[EXERCISE]
Transcribe this listing exactly; omit the pictures.

[SUPPLIED MATERIAL]
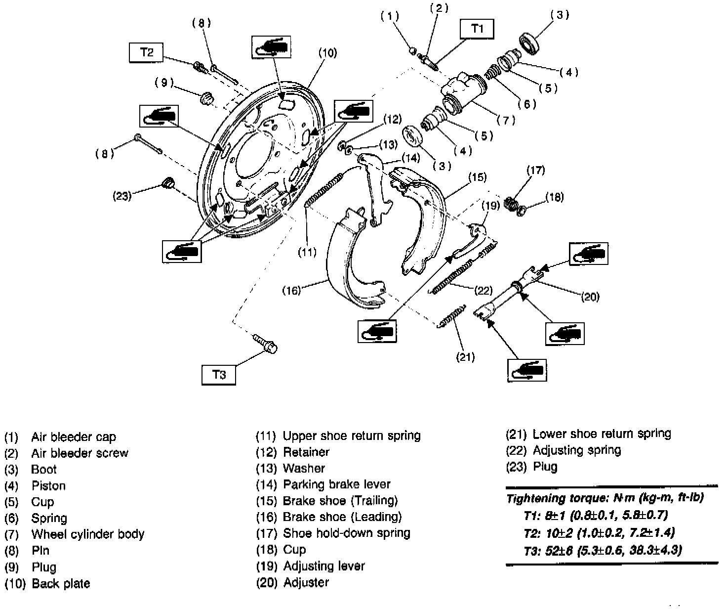 1) Clean back plate and wheel cylinder.
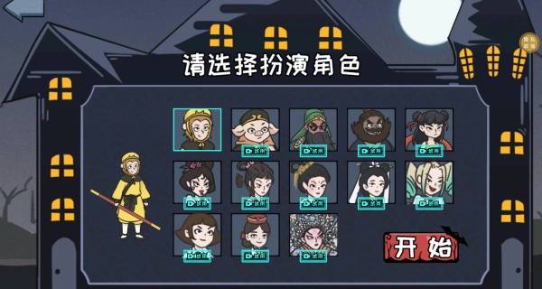 2、选择好场景后就选择你自己喜欢的角色,你第一个将会得到的角色就是孙悟空,其他的角色是需要观看影片才能解锁;
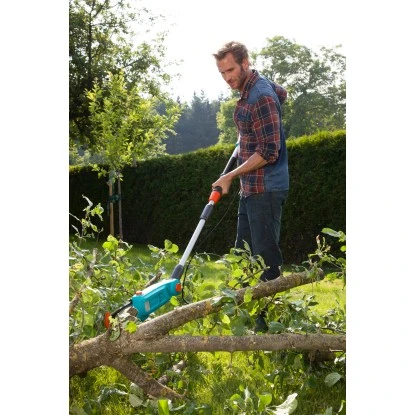 Der Gardena Elektro-Teleskop-Hochentaster TCS 720/20 ermöglicht Ihnen das einfache Kürzen von hohen Ästen, ganz ohne die Verwendung einer Leiter. Durch den langen Teleskoparm ist ein Kürzen und Auslichten von Baumkronen in einer Höhe von bis zu 4,4 m problemlos möglich. Zusätzlich hat er den Vorteil, dass auch heruntergefallene Äste bequem zerkleinert werden können. Das Arbeiten im Baum stellt aufgrund des schmalen Designs und des dementsprechend niedrigen Gewichts ebenfalls kein Problem dar.
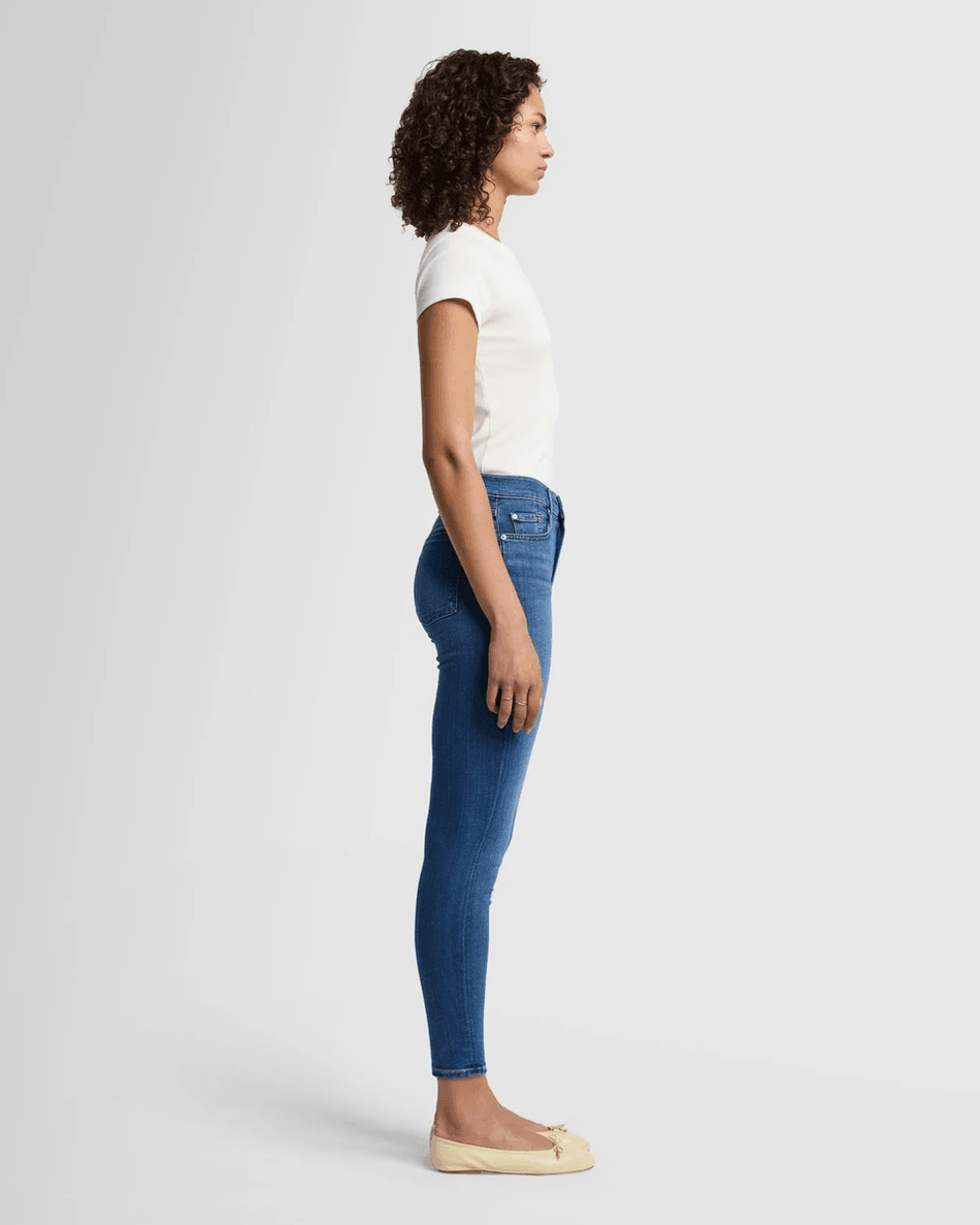 Don’t miss out on the perfect blend of style and comfort. Elevate your wardrobe with the 7 For All Mankind Slim Illusion High Waist Ankle Skinny in Love Story and experience the difference. Order now and embrace your new favorite pair of jeans!
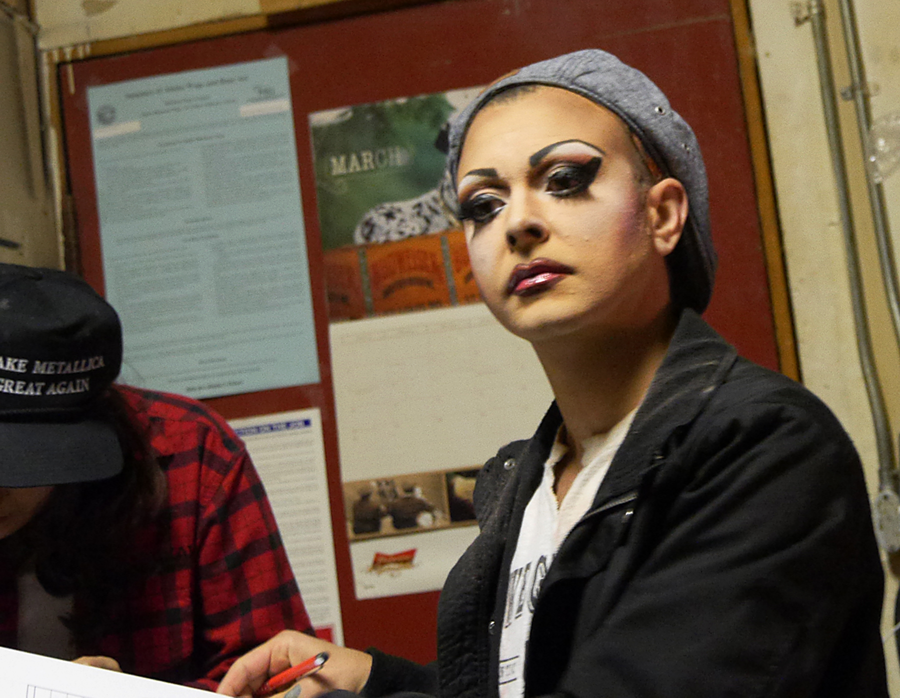 Cate Ross applies makeup to her face to transform into Ryder Strong backstage during Friday's Femme Fatale amateur drag show at the Rendezvous. (Photo by Tripp J Crouse/KTOO)
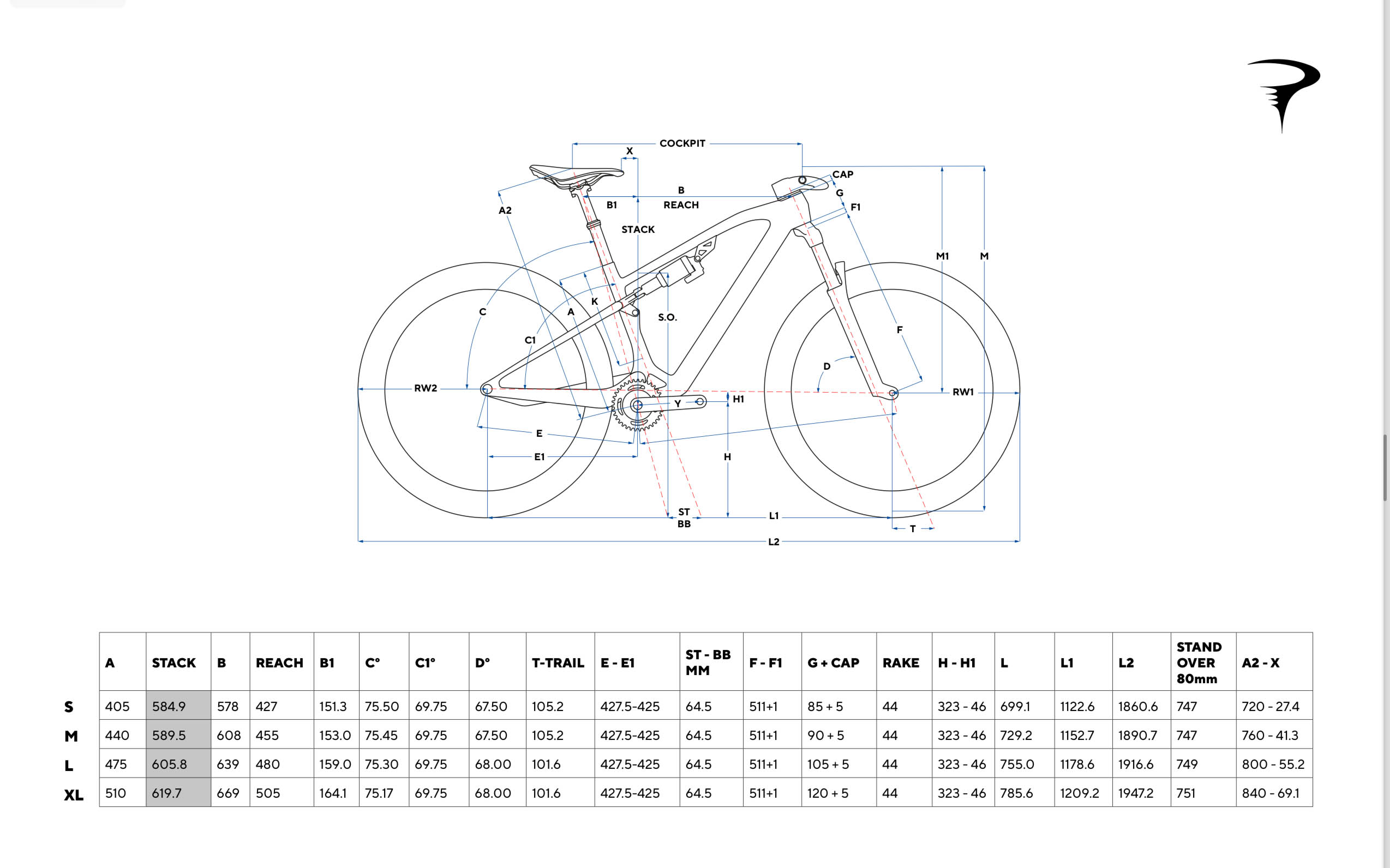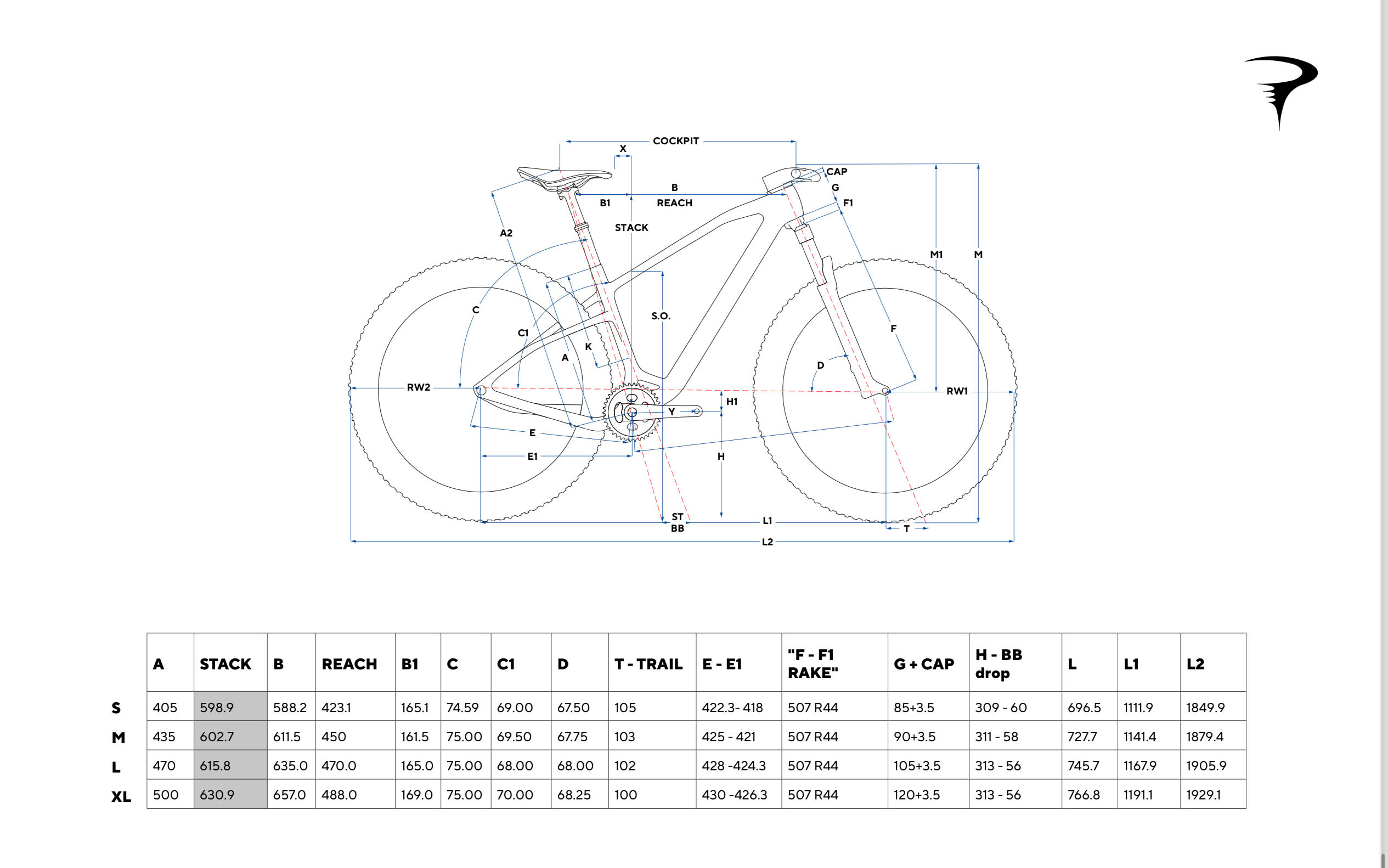 Les cotes sont un mélange de valeurs très contemporaine (reach important) avec d’autres plus conservatrices (angle de direction à 67,5/68° selon la taille) et certaines plutôt radicales (comme les bases en 427,5mm sur le tout-suspendu et comprises entre 422 et 430 mm selon les tailles sur le semi-rigide). Quatre tailles seront disponibles, du S au XL.

[ANSWER TO THE EXERCISE]
 1) Clean back plate and wheel cylinder.
 2、选择好场景后就选择你自己喜欢的角色,你第一个将会得到的角色就是孙悟空,其他的角色是需要观看影片才能解锁;
 Der Gardena Elektro-Teleskop-Hochentaster TCS 720/20 ermöglicht Ihnen das einfache Kürzen von hohen Ästen, ganz ohne die Verwendung einer Leiter. Durch den langen Teleskoparm ist ein Kürzen und Auslichten von Baumkronen in einer Höhe von bis zu 4,4 m problemlos möglich. Zusätzlich hat er den Vorteil, dass auch heruntergefallene Äste bequem zerkleinert werden können. Das Arbeiten im Baum stellt aufgrund des schmalen Designs und des dementsprechend niedrigen Gewichts ebenfalls kein Problem dar.
 Don’t miss out on the perfect blend of style and comfort. Elevate your wardrobe with the 7 For All Mankind Slim Illusion High Waist Ankle Skinny in Love Story and experience the difference. Order now and embrace your new favorite pair of jeans!
 Cate Ross applies makeup to her face to transform into Ryder Strong backstage during Friday's Femme Fatale amateur drag show at the Rendezvous. (Photo by Tripp J Crouse/KTOO)
 Les cotes sont un mélange de valeurs très contemporaine (reach important) avec d’autres plus conservatrices (angle de direction à 67,5/68° selon la taille) et certaines plutôt radicales (comme les bases en 427,5mm sur le tout-suspendu et comprises entre 422 et 430 mm selon les tailles sur le semi-rigide). Quatre tailles seront disponibles, du S au XL.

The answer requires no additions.